Identify and troubleshoot Readiness or Liveliness probes that report services as unhealthy intermittently.
This is a known issue and can be classified into two categories, connection refused and client timeout. The commands in this procedure assume the user is logged into either a master or worker non-compute node (NCN).
The symptom of this problem is a connection refused
message in the event log.
ncn-mw# kubectl get events -A | grep -i unhealthy | grep "connection refused"
Example output:
istio-system 5m24s Warning Unhealthy pod/istio-pilot-68477d98d-5bsmk Readiness probe failed: Get http://10.45.0.100:8080/ready: dial tcp 10.45.0.100:8080: connect: connection refused
This may occur if the health check ran when the pod was being terminated.
To confirm that this is the case, check that the pod no longer exists. If that is true, then disregard this unhealthy event.
ncn-mw# kubectl get pod/istio-pilot-68477d98d-5bsmk -n istio-system
Example output indicating that the pod no longer exists:
Error from server (NotFound): pods "istio-pilot-68477d98d-5bsmk" not found
The symptom of this problem is a Client.Timeout
or DeadlineExceeded
message in the event log.
ncn-mw# kubectl get events -A | grep -i unhealthy | grep -E "Client[.]Timeout|DeadlineExceeded"
Example output indicating this issue:
services 40m Warning Unhealthy pod/cray-bos-69f85bcd89-vdq52 Liveness probe failed: Get http://10.45.0.20:15020/app-health/cray-bos/livez: net/http: request canceled (Client.Timeout exceeded while awaiting headers)
This may occur if the health check did not respond within the specified timeout.

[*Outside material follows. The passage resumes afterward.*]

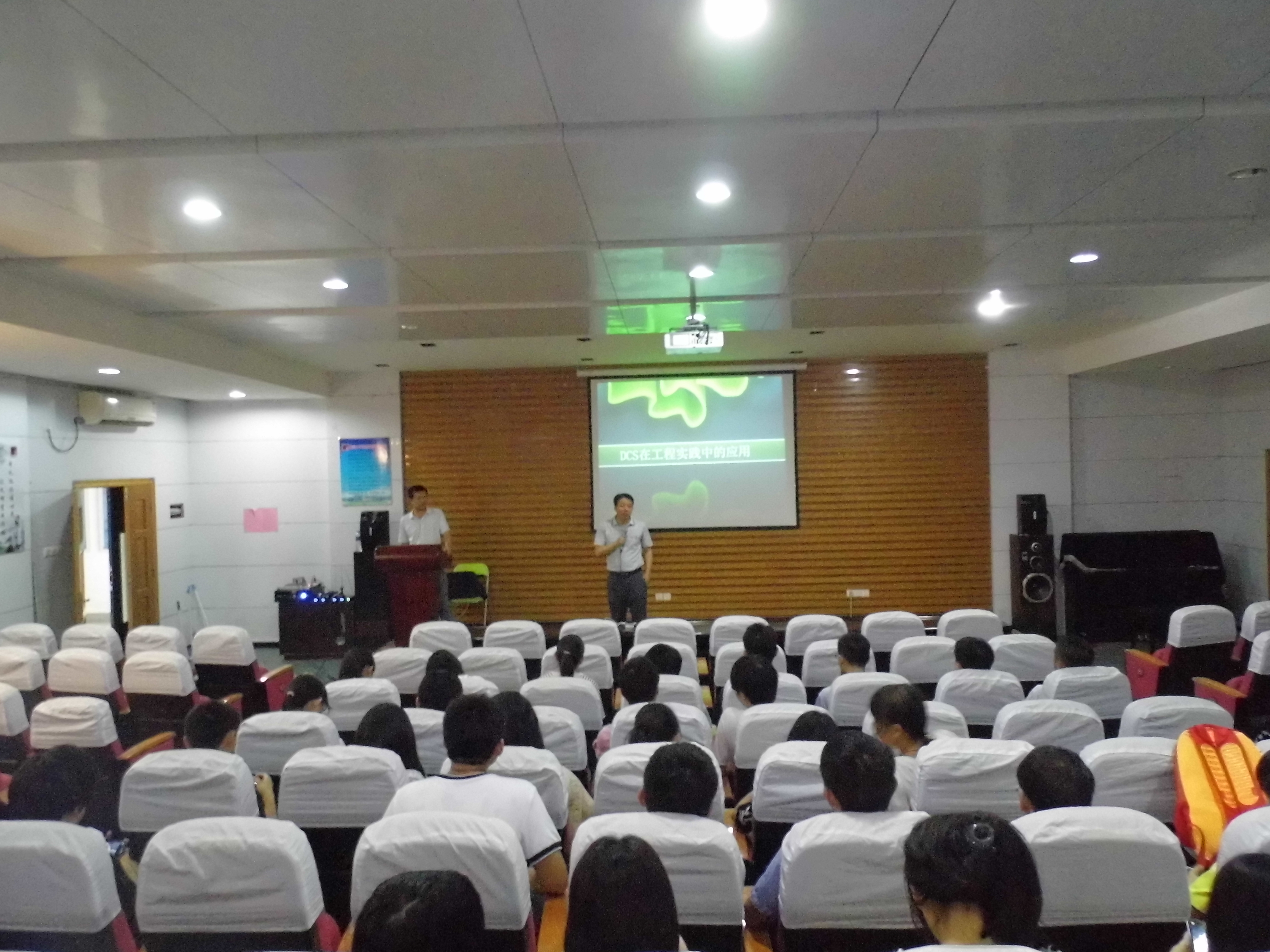 王武老师首先进行了简单的开场白,对张盛校友的到来表示热烈欢迎。随后,张盛校友与大家分享了DCS在工程实践中的应用,从DCS的发展历程、定义以及基本结构三个方面解析,还指出自动化学科发展前景广阔。接着,王武老师热情邀请张盛先生讲述自己的成长经历,张先生讲述了自己独立负责的热电厂DCS系统时的历练过程,他强调在做事时不能仅仅盯着眼前的利益,还要关注国家政策与时事政治的动态,并举他在监管电厂项目时必须遵循国家的环保标准为例,同学们都为他一心扑在工作上的专注所感动。接下来在场同学围绕未来就业方向、薪酬等问题踊跃提问,张校友一一作了耐心的解答。最后,王武老师与张志雄老师分别表达了他们对于大学生活的看法与给同学们的建议。本次讲座在同学们热烈的掌声中落下帷幕。

To confirm that the service is healthy, check the health using the curl
command.
ncn-mw# curl -i http://10.45.0.20:15020/app-health/cray-bos/livez
Example output of a healthy service:
HTTP/1.1 200 OK
Date: Tue, 07 Jul 2020 19:37:32 GMT
Content-Length: 0
An HTTP response code in the 200’s or 300’s is considered success. For example, a response of 200 OK
.
If there is an unhealthy event where the above procedures do not clarify the issue, then contact support.